The Oracle - Jonathan Cahn

Chapter 1

THE MYSTERY

WHAT IF I told you of a mystery so vast that it spans the world and the ages, from ancient times to this very moment . . . a mystery that moves behind and through all human events, directs and turns the paths of leaders, determines the future of nations and empires . . . and of the world itself . . . to bring all things to their appointed end?”

“I wouldn’t believe it.”

“No,” he replied, “I wouldn’t have either if I hadn’t seen it with my own eyes.”

“What do you mean, ‘seen it with your own eyes’? And what mystery?”

“One made up of many others . . . a mystery of mysteries.”

“OK. What mysteries then?”

“The Jubilean mysteries,” he replied.

“I’ve never heard of them.”

“Their origins are ancient. They were birthed in a desert not unlike this one and on a mountaintop not unlike the one on which we sit . . . thousands of years ago.”

“And yet they’re determining what’s happening now?”

“Yes.”

“How could something from ancient times be doing that?”

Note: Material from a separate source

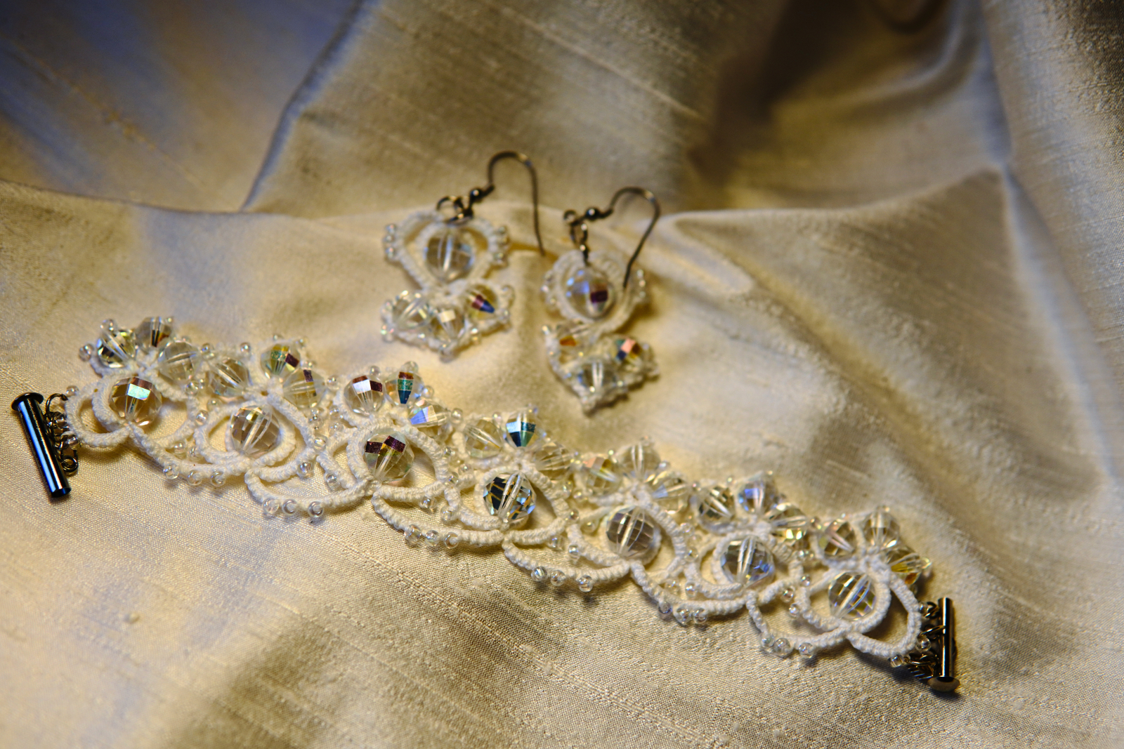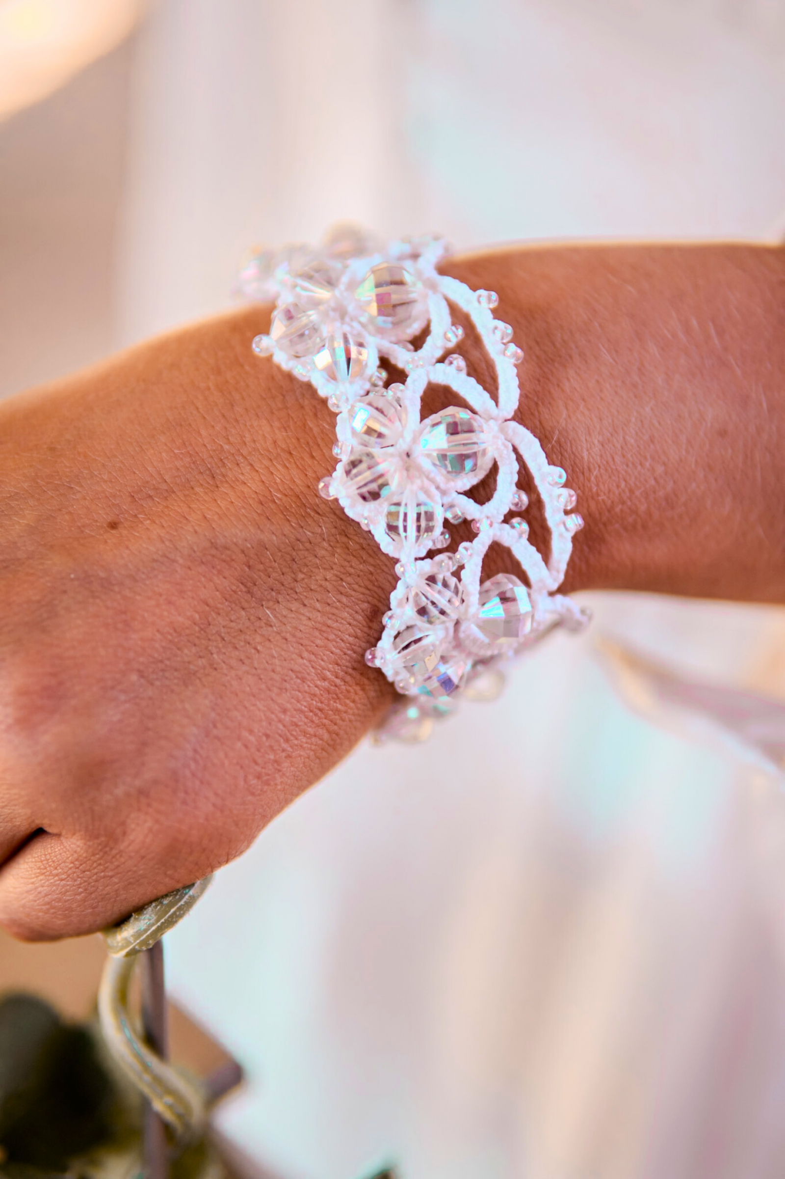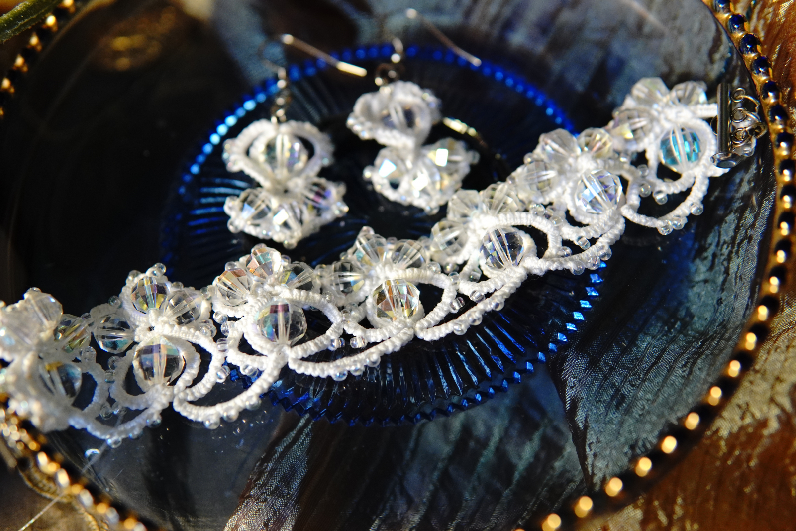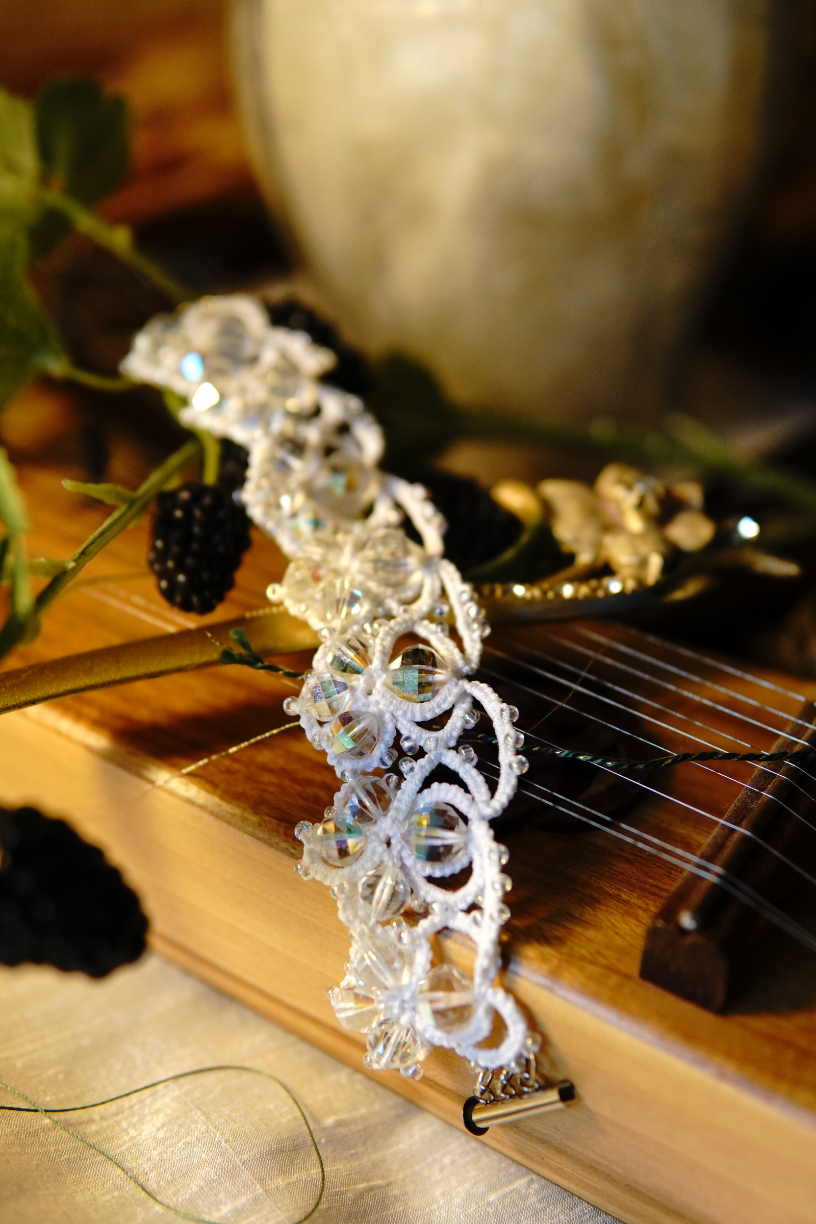 Crystalfathom Bracelet – White Tatted Lace with Vintage Swarovski Crystals

“That,” he said, “is the mystery.”

They were silent for a time as a warm desert wind swept across the mountaintop. The traveler laid down his backpack on the ground by the rock on which he was sitting. His boots were covered with sand, his jeans were torn, and he was tired from the journey. But what he was hearing made him forget his weariness. He had set out in search of answers. The one he had come to see, the man on the mountaintop, didn’t look as he had imagined he would have. He appeared to be in his early thirties, not much older than the traveler himself, and was without a beard, clean-shaven, ordinary looking. But there was something about him. He spoke with an authority and a sincerity that gave the traveler confidence that his journey may not have been in vain. And yet he was still as puzzled by the man as he was intrigued.

“I don’t see how something like that could exist,” he said.

“But nevertheless the mysteries have determined the course of empires and superpowers, kings and presidents . . . ”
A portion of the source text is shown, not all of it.